A glitzy 90-minute TV show featuring football greats launches an event which will transfix viewers around the world.
Millions globally will tune in as 169 countries weigh up the chances of joining the hosts as one of the 32 teams to contest the 2010 finals.
Apart from the distinction of becoming the first African nation to stage one of the two greatest sporting festivals — the World Cup and the Summer Olympics – South Africa will also become the first host to be included in the preliminary draw.
However, unlike the other
169 nations taking part, South Africa is guaranteed its place in 2010.
It will be included only because the process is doubling as the draw for the Africa Nations Cup earlier the same year.
The draw will be conducted by new FIFA General Secretary Jerome Valcke under the watchful eyes of South African President Thabo Mbeki and FIFA President Sepp Blatter.
Valcke will be assisted by African greats of the past – Liberia’s George Weah, Abedi Pele of Ghana and South Africa’s own Lucas Radebe.
Other former world aces helping out include France’s world champion defender Marcel Desailly, who was born in Ghana, Ali Daei of Iran and American Kasey Keller.
That there will be no great Brazilian or Argentina players of the past on stage is only because South America is not taking part in the draw.
The 10 South American nations all play each other in a continental group which has already started.
Preliminary matches are also under way in Asia, Africa and Oceania and 30 of the 200 teams entered have already been eliminated.

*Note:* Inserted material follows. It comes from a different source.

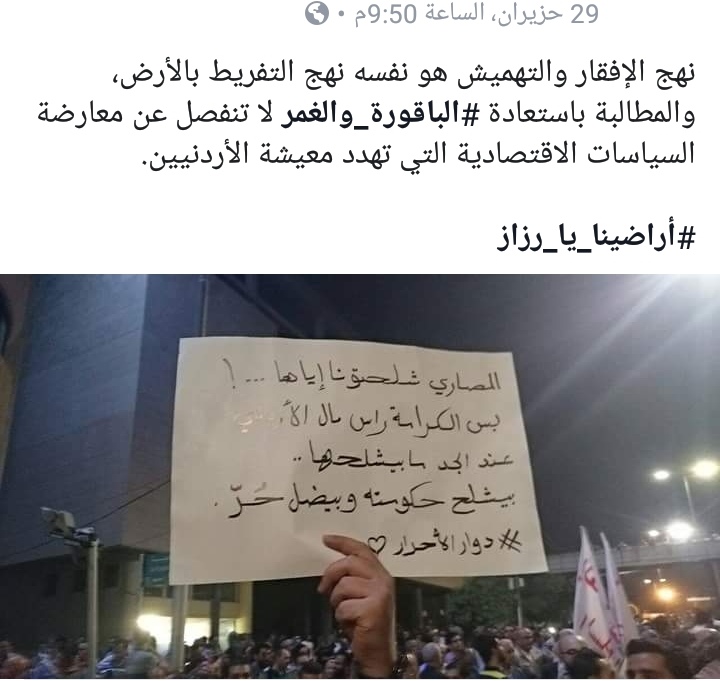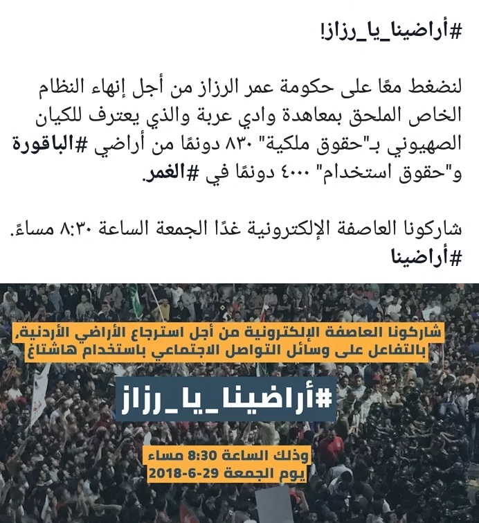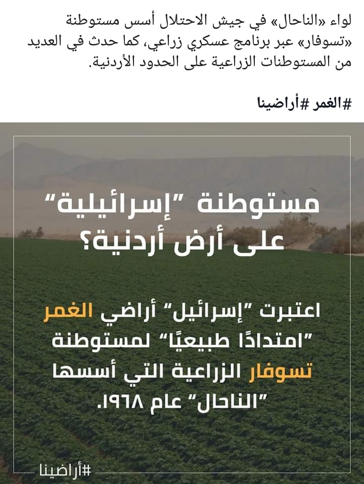 عمون - اطلق اردنيون هاشتاغ "#اراضيانا_يا_رزاز" يطالبون فيه باستعادة اراضي الباقورة والغمر من الاحتلال الاسرائيلي.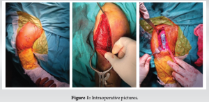 All patients were operated with the standard deltopectoral approach. All patients were positioned supine on the operating table with a sandbag placed between the spine and the medial border of the scapula, pushing the affected side forward, thereby opening the front of the joint. The head end of the table was raised to an angle of 30–45° to minimize bleeding and facilitate blood drainage away from the surgical area. Across the deltopectoral approach, fragments were reduced and temporarily fixed with k wires. After appropriate reduction, the plate was placed at least 8 mm inferior to the greater tuberosity. Then the plate was aligned and fixed with multiple locking or cortical screws. The humeral head is fixed with only cancellous locking screw and infer medial screw calcar screws is important and mandatory for preventing the secondary loss of reduction [Fig. 1]. The final position is checked with the use of an image intensifier in multiple planes. The shoulder is then checked for range of movements and the stability of fixation. None of our patients were required for bone grafting [6]. Intraoperative complications include Fracture of the shaft due to forceful manipulation, displacement of any undisplaced fractures, damage to the deltoid due to retraction, and damage of the axillary artery or nerve.

The 31 teams who will join South Africa in the finals will comprise 13 from Europe, a further five from Africa, four each from Asia and South America and three from Concacaf, the North and Central American and Caribbean confederation.
The last two teams will come from two playoffs – the first between the winner of the Oceania group and the fifth-placed team in Asia and the second pitting the fifth-placed South American team against the fourth from Concacaf.